Worse than Boston? Magic’s effort makes you wonder

AP Photo/DayLifeIt probably is not a good thing to be pining for a game that set franchise lows for offensive futility. Maybe this game was not as bad as the brick-fest Orlando laid in Beantown in January. It sure seemed like the effort and energy level though was about as low as it had been all season.

Stan Van Gundy, Dwight Howard and the whole team had no answer for the sudden and utter collapse offensively and defensively from Orlando in the second and third quarters. Dante Marchitelli of Sun Sports reported in one early timeout in the third quarter Stan Van Gundy asked his team what was the matter followed by Dwight Howard imploring his team to play better if they wanted to win.

At that point the lead was hovering around 20 points and a comeback was still possible. Then things got worse.

Perhaps capitalized by a lazy outlet pass from Howard to Jameer Nelson that was easily picked off by a stealthy J.R. Smith and converted into a 3-pointer, New York built as much as a 39-point lead — you read that right, 39 points — and easily won 108-86 at Madison Square Garden on Wednesday.

Score Off. Rtg. eFG% O.Reb.% TO% FTR
Orlando 86 95.1 51.4 21.4 19.1 37.7
New York 108 123.7 57.6 39.0 12.6 14.1

The only thing that made the score look even somewhat decent was a great, hard effort from the bench players and the guys who don’t normally play.
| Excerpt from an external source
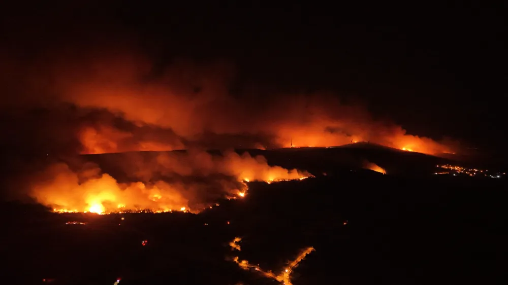 Tekirdağ’ın Şarköy ilçesinde dün başlayan orman yangını sürerken, alevlerin tehdit ettiği 3 köy boşaltıldı. Geceyi gündüze çeviren alevler dron ile havadan görüntülendi.
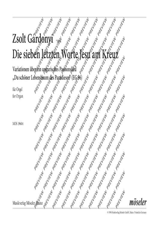 In diesen kurzen und eindrucksvollen Variationen über den ungarischen Passions-Choral "Du schöner Lebensbaum des Paradieses" (EG 96) finden Sie die ideale Musik für Konzerte oder Passionsandachten, insbesondere zur Todesstunde am Karfreitag. Die Stücke sind je mit einem der sieben letzten Gedanken Jesu am Kreuz überschrieben, die im Sinne eines ganzheitlichen Verständnisses bei konzertanten Aufführungen rezitiert werden können.

And the Knicks going hero ball and allowing the Magic to entertain the idea of a crazy comeback. Those were just dreams, because with the way the Magic approached the second and third quarters, where they gave up a 12-0 run and a 21-0 run, there was no chance of coming back.

Yes, New York made a lot of shots that are abnormal for the team. Iman Shumpert scored a career-high 25 points and hit on 4 of his 10 3-point attempts — he is a 27.6 percent 3-point shooter on the year — and Baron Davis had 11 points in what could have been his best game in a Knicks uniform. New York also went ballistic 24 assists on 43 field goal makes, 50.6 percent shooting 12 3-point field goals.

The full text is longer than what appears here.